We are the children our parents warned us about.

Kahlil Gibran compares the upbringing of children to an archer aiming and releasing an arrow - The Prophet on Children

You are the bows from which your children * as living arrows are sent forth.* The archer sees the mark upon the path of the infinite, *and He bends you with His might * that His arrows may go swift and far. Let your bending in the Archer’s hand be for gladness; *For even as He loves the arrow that flies, * so He loves also the bow that is stable.

**Adolescence: ** a period from the tweens (teen twilight) to young adults.

This extended phase can either be a carefree, joyous idyllic time of your life or a miserably insecure and tormented time of confusing, conflicting values, identities and choice, full of youthful angst.

**Youth **can be a tumultuous and difficult time. Sufferers inhabit a world of extended sleep-ins, misguided arrogance, impulsive behaviour – risk taking with alcopops and newly acquired driving skills. Young people’s brains are underdeveloped and addled by a cocktail of hormones. They can’t be trusted to take on tasks requiring good judgement. Or so the rhetoric goes in the all-too-regular “What’s wrong with your teen?” tabloid feature.

Puberty, the name for a period of time of profound biological and chemical changes in our body, is arriving earlier - perhaps due to the food chain or other societal influences. A radical shift occurs as peers supplant family as motivators of social rewards system. Studies have demonstrated that teenagers will take more risks when performing in front of their peers and the intensity of novel experiences can never be recaptured.

While puberty arrives earlier, adult responsibilities are delayed. In primitive societies, children as young as seven are sometimes given adult tasks and responsibilities, yet in the modern world our education and apprenticeship is prolonged and may not eventuate until many years of schooling 21 +.

Problems can include: suffering from depression and anxiety in silence unaware that they are not alone in this, becoming a victim of physical, verbal or cyberbullying, pressures to indulge in binge consumption of alcohol or illicit drugs, eating disorders, as well as coming to terms with their s*xuality in an increasingly s*xualised, commercialised and commodified world.
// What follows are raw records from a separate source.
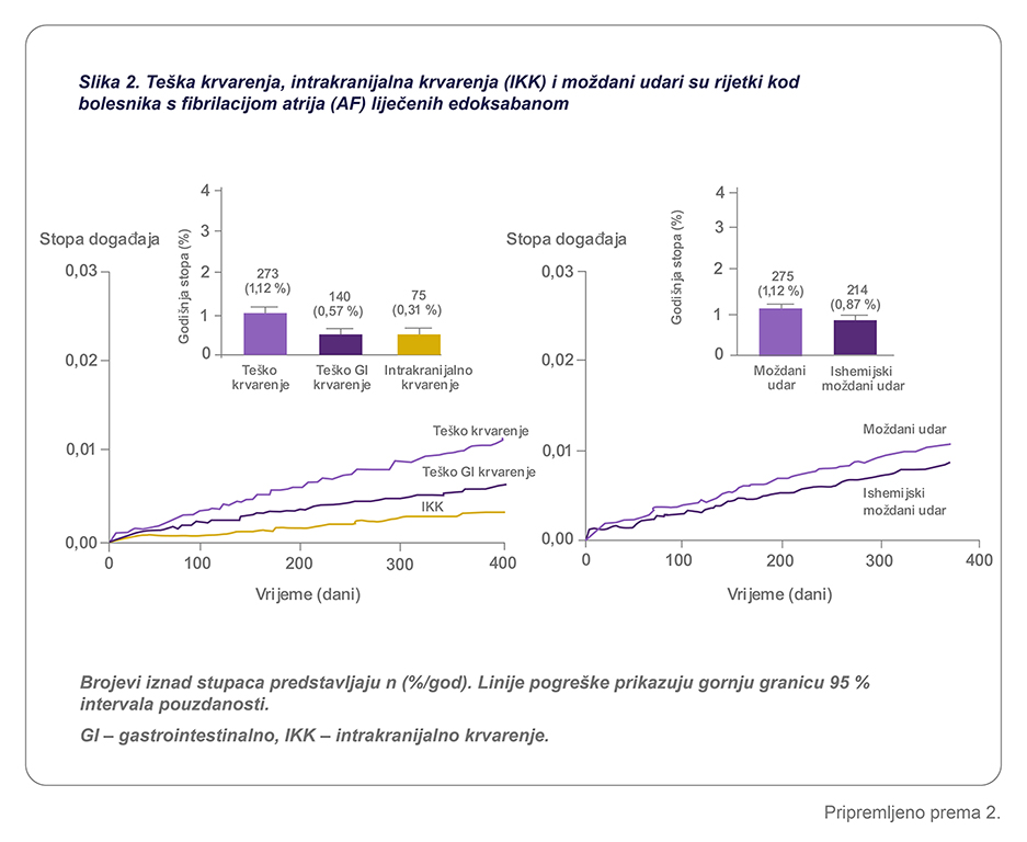 Moždani udar, intrakranijalna krvarenja i druga velika krvarenja bili su rijetki kod pacijenata s AF koji su se liječili edoksabanom u rutinskoj kliničkoj praksi.2
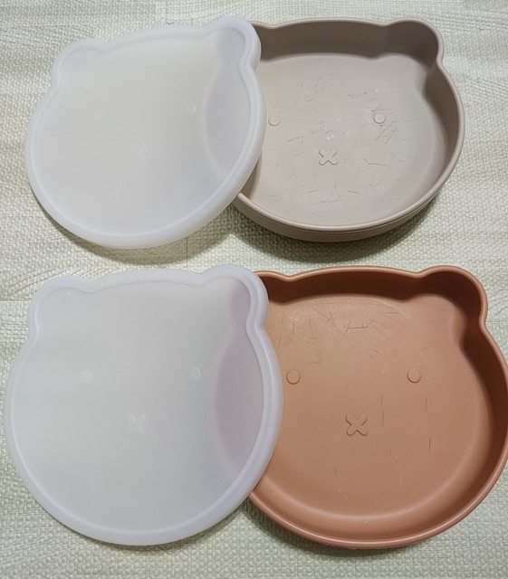 6、Rain.b寶寶餐盤2個,附蓋可防塵,台灣品牌非雜牌,美國FDA檢驗合格,有使用痕跡
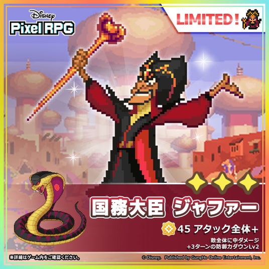 『アラジン』より「ジャファー」が初登場となりますので、ぜひ仲間にして、ゲームをお楽しみください。
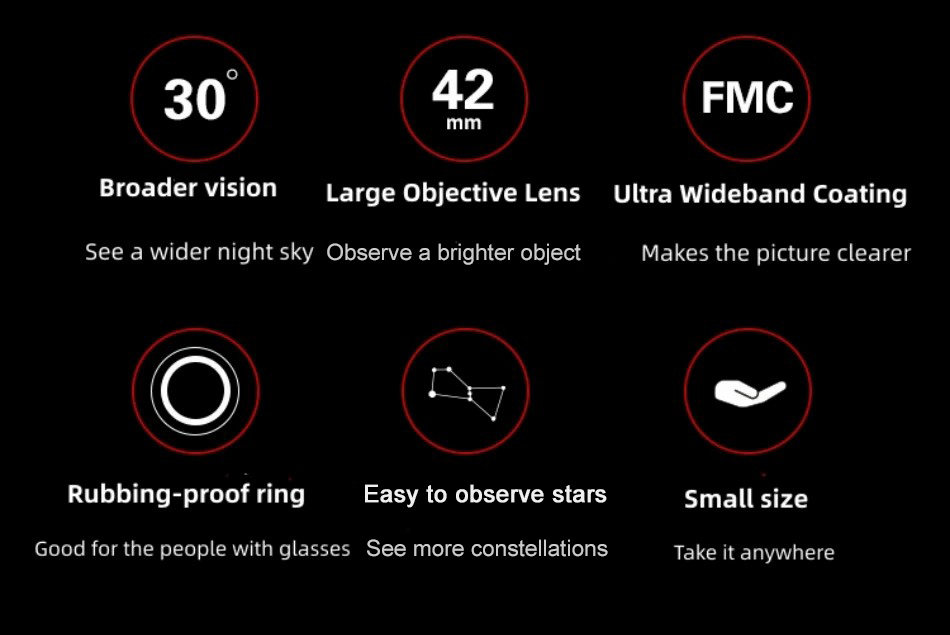 It has a 30-degree field of view, so that you can see a wider night sky.

Pre teens face many pressures toward adultification or early s*xualation either through pre-mature rites of passage, Junior Beauty contests and fashion parades. All the psychological issues, if not dealt with, can have lasting consequences.

Yet school days are supposed to be the “best days of your life” – not terribly promising.

Guy Rundle writing about the John Hughes brace of teen movies of the 80s, – Pretty in Pink, Sixteen Candles, Ferris Bueller’s Day Off and The Breakfast Club – that marked an abrupt shift not only in the genre, but in the way people thought about teenagers and their own teenager years.

In a world dominated by individualism, youth culture came under the sway of competition – there was no battle between the generations, simply a series of small skirmishes within youth, as you moved towards adulthood.

John Hughes was the first to spot that something else was happening to teenagers – that the process of becoming an adult, a self, of making one’s own persona had come to the centre of teenage life. Though Hughes’s characters fall into the sub-cultural groups that dominate American high schools, those groups are never as stable as they are in earlier eras, nor do they offer an easy answer to the questions of who one is. In The Outsiders or some such, subcultures define themselves against each other, or against adults as a whole.

* Hughes characters are continually putting themselves together – through clothes, music, accessories, friends, behavioural style etc – from an array of available options.*

*Hughes’s characters are all afflicted with boundary issues – they are desperate to know what is really authentically themselves, and what is coming from the outside as a manufactured product. Guy Rundle writes: *Crikey.com

Between the ages of fifteen and thirty are critical because we make most of the our life determining decisions at this time; our friends, interests, career paths, where we live, marriage partner, life style…….. and we have to find ourselves and become the individual we want to be.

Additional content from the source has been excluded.